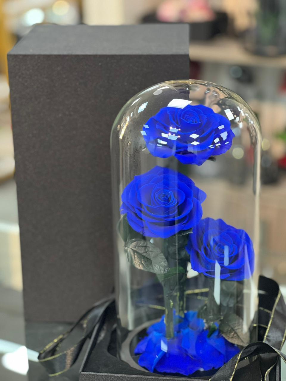 Add a touch of rarity and elegance with the Azure Charm Preserved Blue Roses. This set of three long-lasting blue roses symbolizes uniqueness, mystery, and deep admiration, making them perfect for birthdays, congratulations, or special gifts for someone extraordinary. These preserved roses offer a sophisticated and timeless way to convey your heartfelt emotions. Gift this set of three blue preserved roses to impress and delight, with beauty that lasts for years.
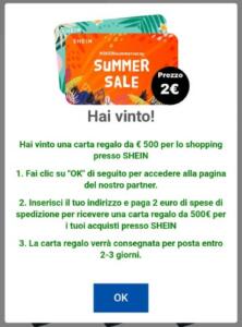 Su Facebook, invece, alcuni utenti segnalano come possibile truffa un’offerta, che come quelle presenti nelle Storie di Instagram sfrutta in nome di Shein, che riguarda però delle “carte regalo” dal valore di 500 euro da spendere per fare shopping su Shein. La carta viene spedita a domicilio, si legge in alcuni screenshot pubblicati dagli utenti, pagando 2 euro per sostenere le spese di spedizione. Si tratta di offerte sospette che gli utenti ricevono principalmente via e-mail. Un altro utente dice di aver ricevuto una e-mail da un indirizzo che sembra quello di Shein in cui gli viene comunicato di essere «uno dei finalisti del concorso con in palio 200 euro di prodotti Shein». Nella e-mail compaiono, per esteso, i nomi delle tre persone selezionate apparentemente da Shein. Nel post pubblicato su Facebook, l’utente scrive di non aver «mai avuto a che fare con Shein».
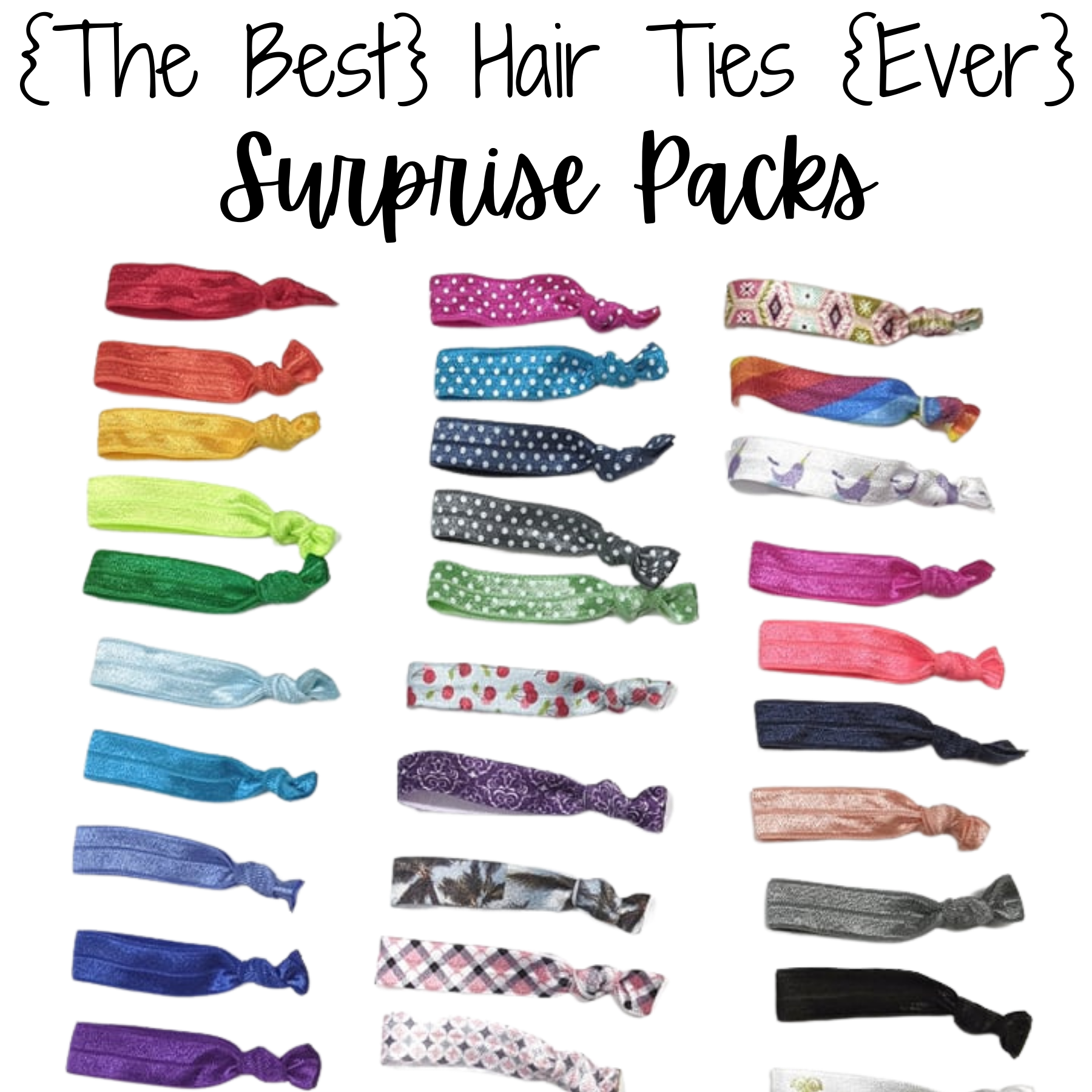This listing is for 4, 8, or 20 mystery hair ties in a mix of solids and prints. 4 Packs come on a card, 8 and 20 packs are packaged in a compostable and recyclable paper bag.

● **Your assignment**: All lines above are to be restated word for word, with pictures excluded.

● **Answer for this exercise**:
 Add a touch of rarity and elegance with the Azure Charm Preserved Blue Roses. This set of three long-lasting blue roses symbolizes uniqueness, mystery, and deep admiration, making them perfect for birthdays, congratulations, or special gifts for someone extraordinary. These preserved roses offer a sophisticated and timeless way to convey your heartfelt emotions. Gift this set of three blue preserved roses to impress and delight, with beauty that lasts for years.
 Su Facebook, invece, alcuni utenti segnalano come possibile truffa un’offerta, che come quelle presenti nelle Storie di Instagram sfrutta in nome di Shein, che riguarda però delle “carte regalo” dal valore di 500 euro da spendere per fare shopping su Shein. La carta viene spedita a domicilio, si legge in alcuni screenshot pubblicati dagli utenti, pagando 2 euro per sostenere le spese di spedizione. Si tratta di offerte sospette che gli utenti ricevono principalmente via e-mail. Un altro utente dice di aver ricevuto una e-mail da un indirizzo che sembra quello di Shein in cui gli viene comunicato di essere «uno dei finalisti del concorso con in palio 200 euro di prodotti Shein». Nella e-mail compaiono, per esteso, i nomi delle tre persone selezionate apparentemente da Shein. Nel post pubblicato su Facebook, l’utente scrive di non aver «mai avuto a che fare con Shein».
This listing is for 4, 8, or 20 mystery hair ties in a mix of solids and prints. 4 Packs come on a card, 8 and 20 packs are packaged in a compostable and recyclable paper bag.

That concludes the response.